Description of the task — Write out exactly the lines below starting at the one containing "5月10日,天行体育网址_天" and ending at the one containing "Dostępny w sześciu". Omit every picture.

Collected data entries
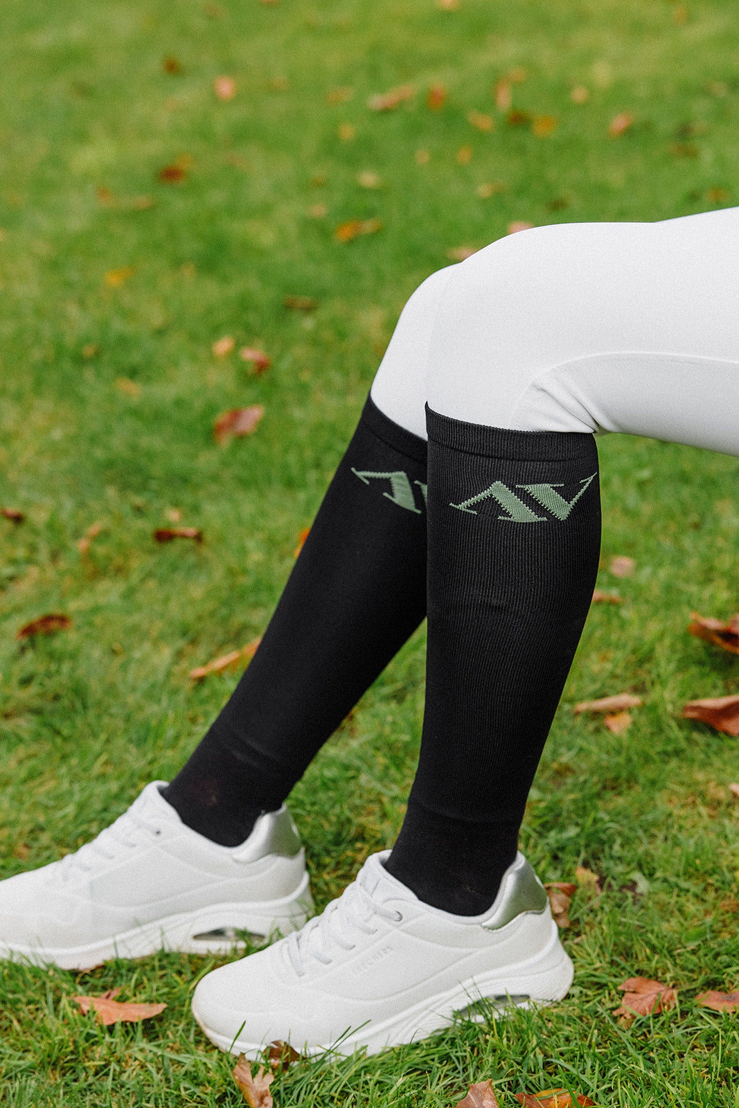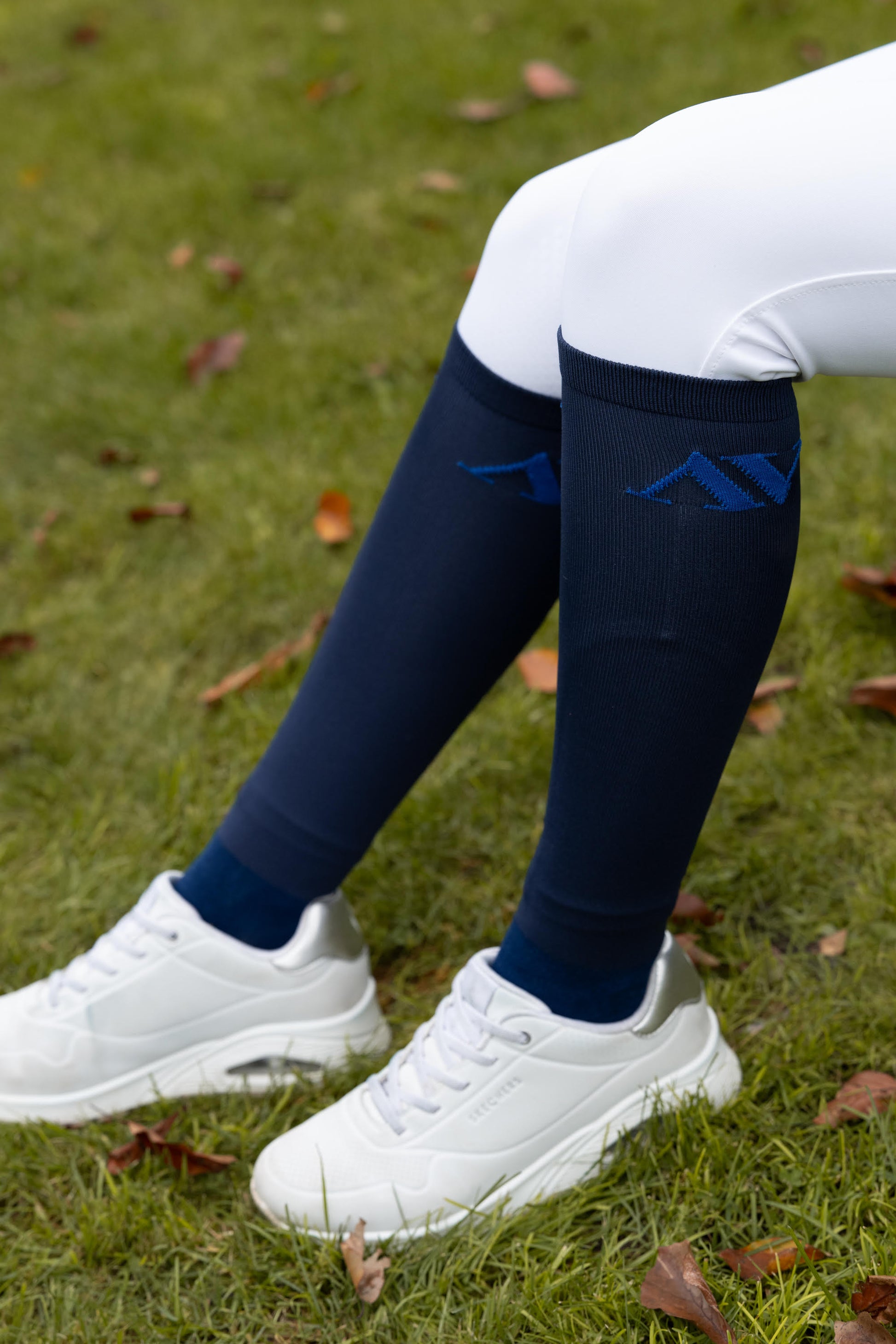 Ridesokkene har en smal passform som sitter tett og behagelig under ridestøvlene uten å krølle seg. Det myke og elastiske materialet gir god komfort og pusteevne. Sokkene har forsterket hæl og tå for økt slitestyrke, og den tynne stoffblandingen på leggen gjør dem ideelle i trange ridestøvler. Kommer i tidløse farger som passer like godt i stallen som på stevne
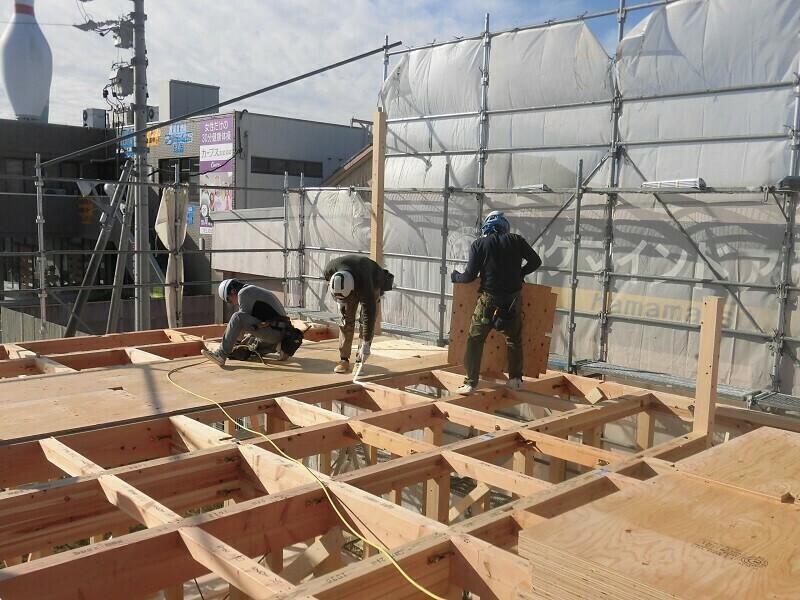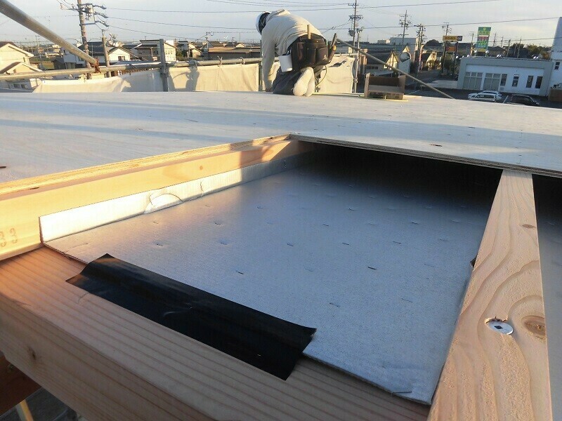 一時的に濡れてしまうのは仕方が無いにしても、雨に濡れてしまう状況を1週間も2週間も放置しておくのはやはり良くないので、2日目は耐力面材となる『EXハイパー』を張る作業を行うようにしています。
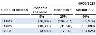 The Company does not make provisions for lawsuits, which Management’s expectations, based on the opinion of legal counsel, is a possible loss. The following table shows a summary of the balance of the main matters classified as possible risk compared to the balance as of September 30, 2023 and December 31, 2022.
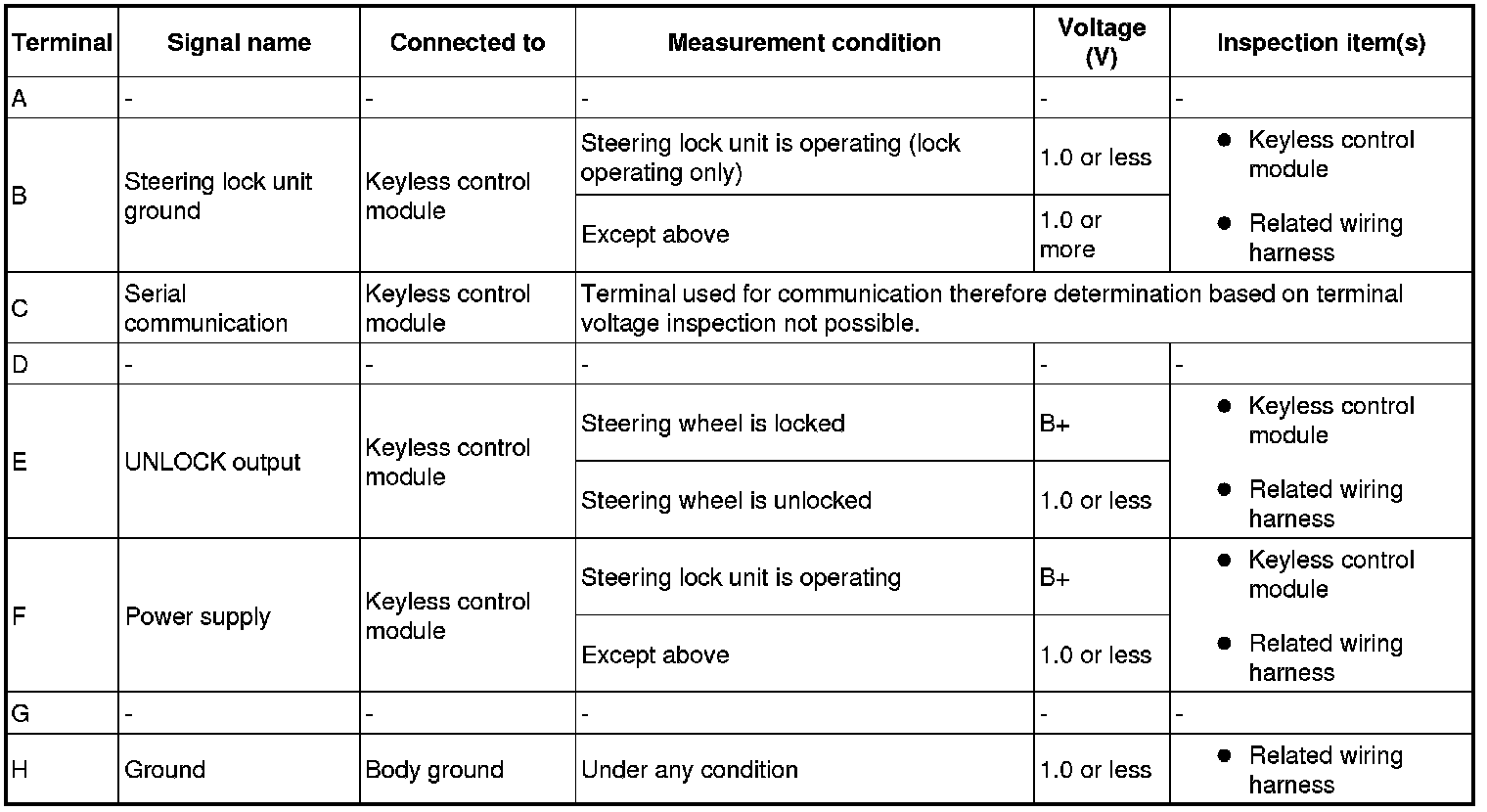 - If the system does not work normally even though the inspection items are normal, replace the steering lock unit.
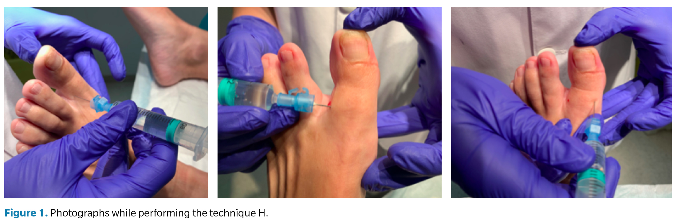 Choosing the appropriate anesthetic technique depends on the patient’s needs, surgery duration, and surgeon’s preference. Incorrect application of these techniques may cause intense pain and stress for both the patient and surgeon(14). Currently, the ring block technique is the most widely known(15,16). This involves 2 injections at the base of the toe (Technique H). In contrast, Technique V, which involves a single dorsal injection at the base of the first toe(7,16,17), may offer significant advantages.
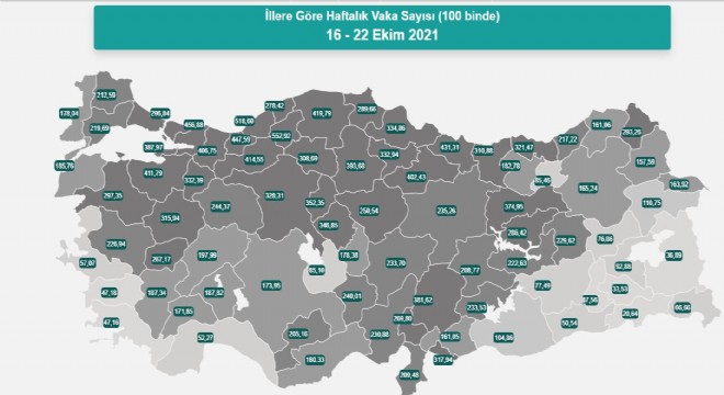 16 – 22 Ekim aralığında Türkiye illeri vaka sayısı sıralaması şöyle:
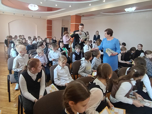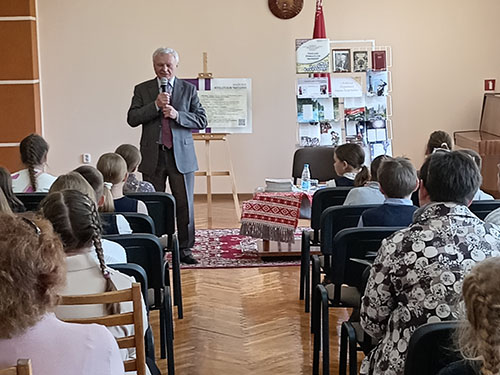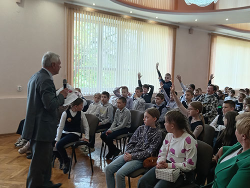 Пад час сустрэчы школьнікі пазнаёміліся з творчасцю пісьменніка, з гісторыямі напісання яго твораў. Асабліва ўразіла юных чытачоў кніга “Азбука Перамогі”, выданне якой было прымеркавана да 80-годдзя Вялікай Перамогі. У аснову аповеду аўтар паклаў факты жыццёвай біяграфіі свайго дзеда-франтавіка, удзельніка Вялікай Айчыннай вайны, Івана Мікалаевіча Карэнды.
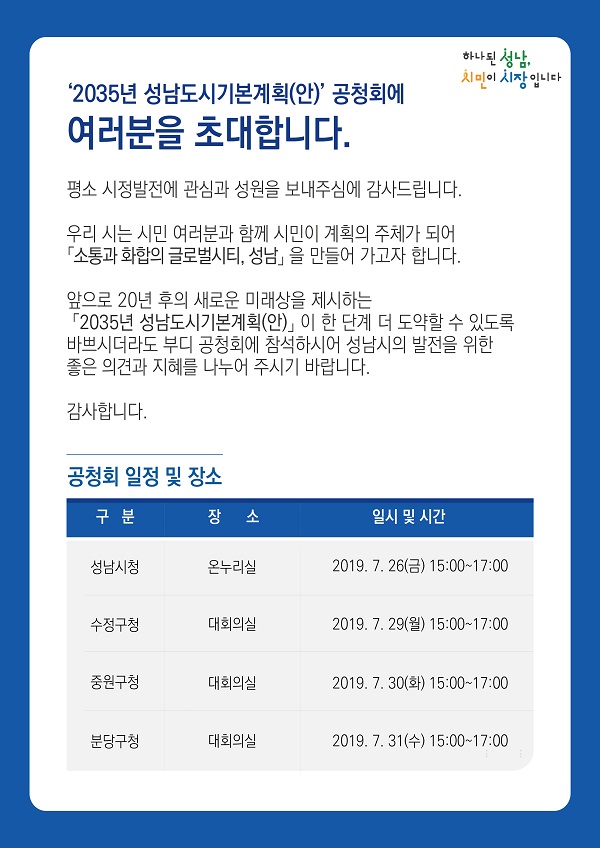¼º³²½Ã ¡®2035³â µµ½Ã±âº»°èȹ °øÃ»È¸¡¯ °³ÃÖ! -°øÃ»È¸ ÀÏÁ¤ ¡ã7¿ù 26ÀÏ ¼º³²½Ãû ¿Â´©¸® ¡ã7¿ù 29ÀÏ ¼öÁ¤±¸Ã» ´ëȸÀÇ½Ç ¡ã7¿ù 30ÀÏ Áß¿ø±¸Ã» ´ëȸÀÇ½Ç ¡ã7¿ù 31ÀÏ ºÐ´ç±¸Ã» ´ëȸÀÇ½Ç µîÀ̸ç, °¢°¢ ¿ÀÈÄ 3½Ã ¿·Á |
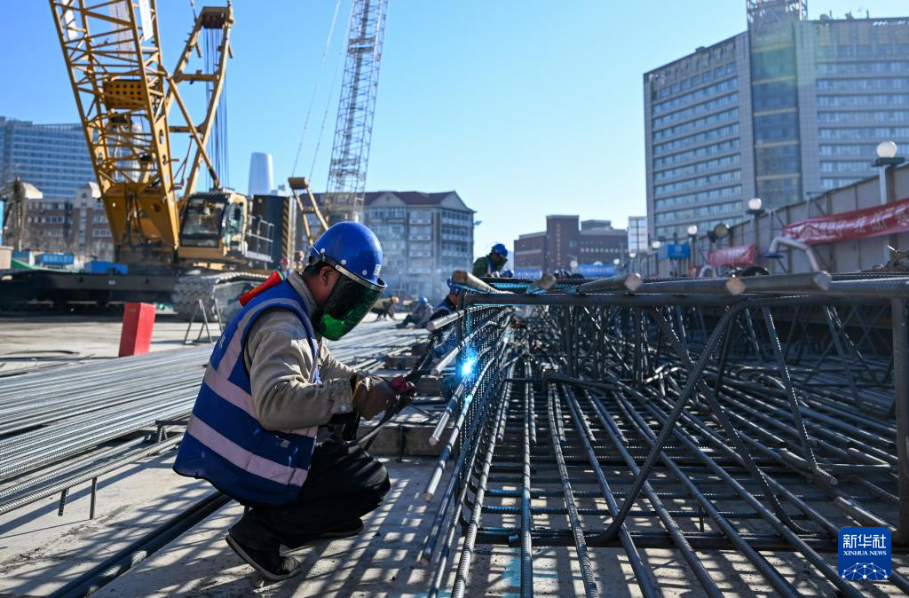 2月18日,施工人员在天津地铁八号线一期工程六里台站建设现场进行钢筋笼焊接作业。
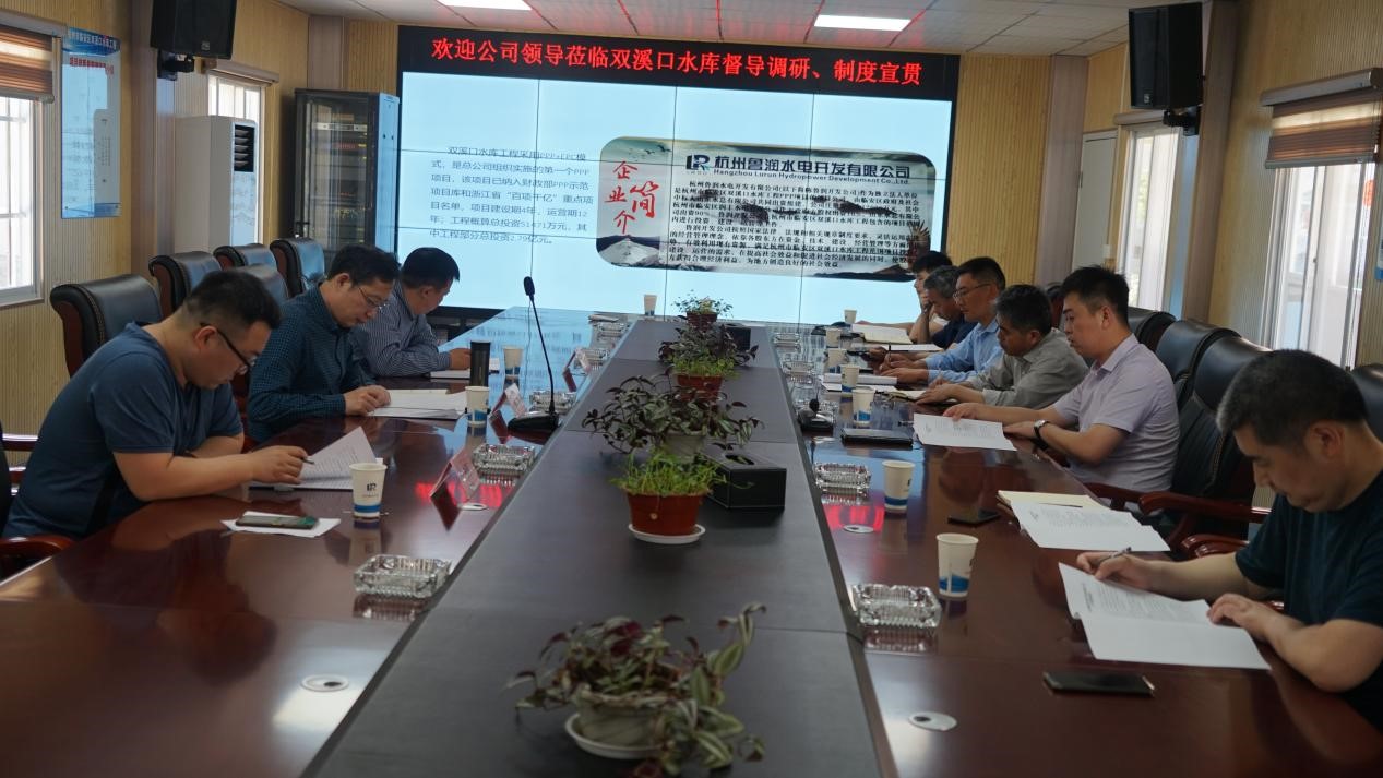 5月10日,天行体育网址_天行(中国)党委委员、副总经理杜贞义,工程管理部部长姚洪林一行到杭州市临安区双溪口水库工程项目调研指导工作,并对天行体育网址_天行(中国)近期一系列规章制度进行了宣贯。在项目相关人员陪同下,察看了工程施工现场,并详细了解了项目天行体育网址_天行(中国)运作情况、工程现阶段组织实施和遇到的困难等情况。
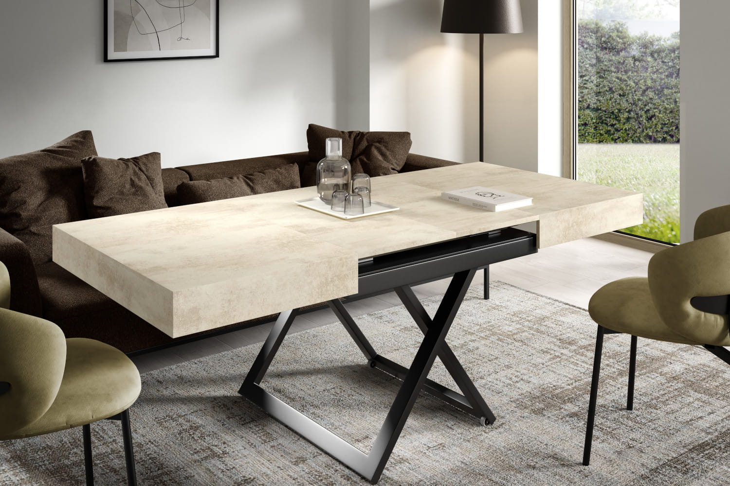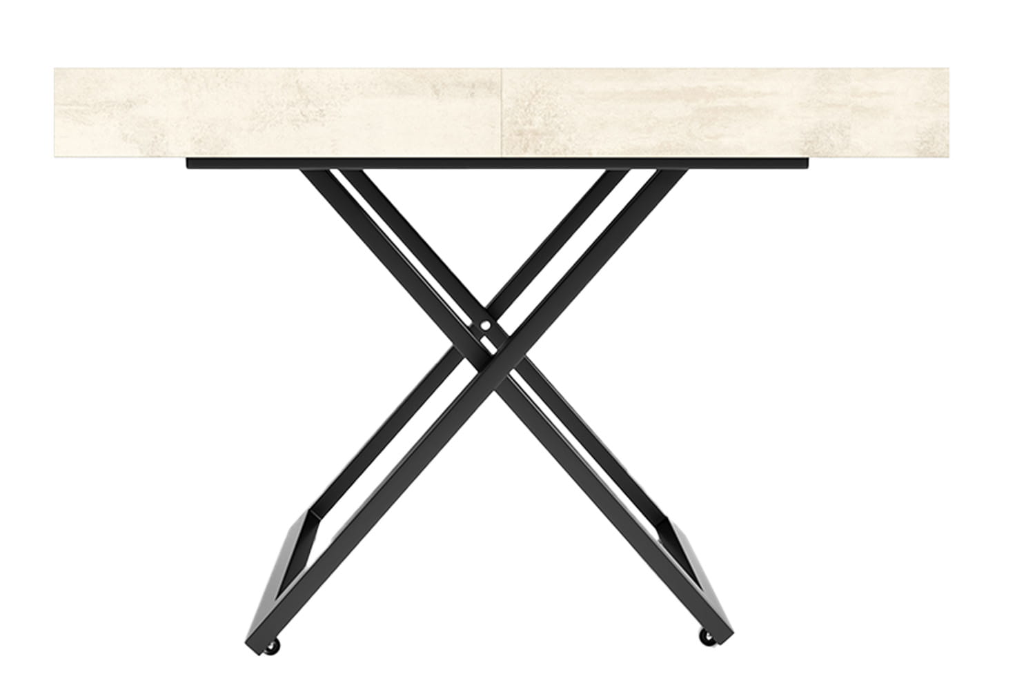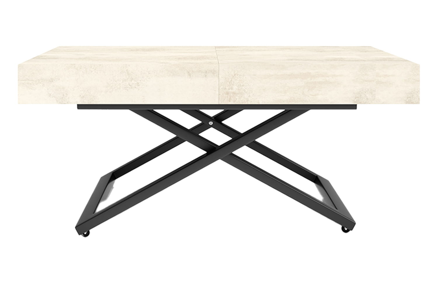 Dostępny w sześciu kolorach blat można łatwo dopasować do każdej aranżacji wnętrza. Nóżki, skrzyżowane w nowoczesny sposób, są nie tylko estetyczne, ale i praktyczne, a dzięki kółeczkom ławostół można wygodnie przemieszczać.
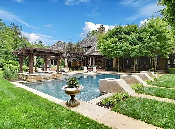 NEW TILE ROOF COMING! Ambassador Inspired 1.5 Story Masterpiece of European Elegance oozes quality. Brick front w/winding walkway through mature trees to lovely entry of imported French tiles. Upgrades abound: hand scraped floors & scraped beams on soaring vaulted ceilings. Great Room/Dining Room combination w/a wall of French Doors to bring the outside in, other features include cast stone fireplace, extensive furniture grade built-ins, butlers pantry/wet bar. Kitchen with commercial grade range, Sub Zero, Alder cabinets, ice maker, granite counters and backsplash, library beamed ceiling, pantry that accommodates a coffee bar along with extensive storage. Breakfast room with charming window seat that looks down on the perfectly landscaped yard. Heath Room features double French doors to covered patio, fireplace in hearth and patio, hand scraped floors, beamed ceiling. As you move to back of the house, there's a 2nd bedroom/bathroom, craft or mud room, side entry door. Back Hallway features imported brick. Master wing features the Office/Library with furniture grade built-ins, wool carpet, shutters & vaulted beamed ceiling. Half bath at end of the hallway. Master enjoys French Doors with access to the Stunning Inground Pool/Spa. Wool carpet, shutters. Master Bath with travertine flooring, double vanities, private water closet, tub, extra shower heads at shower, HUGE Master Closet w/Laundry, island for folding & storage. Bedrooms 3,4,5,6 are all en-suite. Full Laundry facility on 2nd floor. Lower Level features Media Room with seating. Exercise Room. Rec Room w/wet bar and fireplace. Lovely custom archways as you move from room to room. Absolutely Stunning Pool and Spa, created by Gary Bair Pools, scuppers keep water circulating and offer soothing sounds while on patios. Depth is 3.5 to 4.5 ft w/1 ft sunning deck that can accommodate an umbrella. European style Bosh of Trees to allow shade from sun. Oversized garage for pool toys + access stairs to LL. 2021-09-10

Result of the task —
 5月10日,天行体育网址_天行(中国)党委委员、副总经理杜贞义,工程管理部部长姚洪林一行到杭州市临安区双溪口水库工程项目调研指导工作,并对天行体育网址_天行(中国)近期一系列规章制度进行了宣贯。在项目相关人员陪同下,察看了工程施工现场,并详细了解了项目天行体育网址_天行(中国)运作情况、工程现阶段组织实施和遇到的困难等情况。
 Dostępny w sześciu kolorach blat można łatwo dopasować do każdej aranżacji wnętrza. Nóżki, skrzyżowane w nowoczesny sposób, są nie tylko estetyczne, ale i praktyczne, a dzięki kółeczkom ławostół można wygodnie przemieszczać.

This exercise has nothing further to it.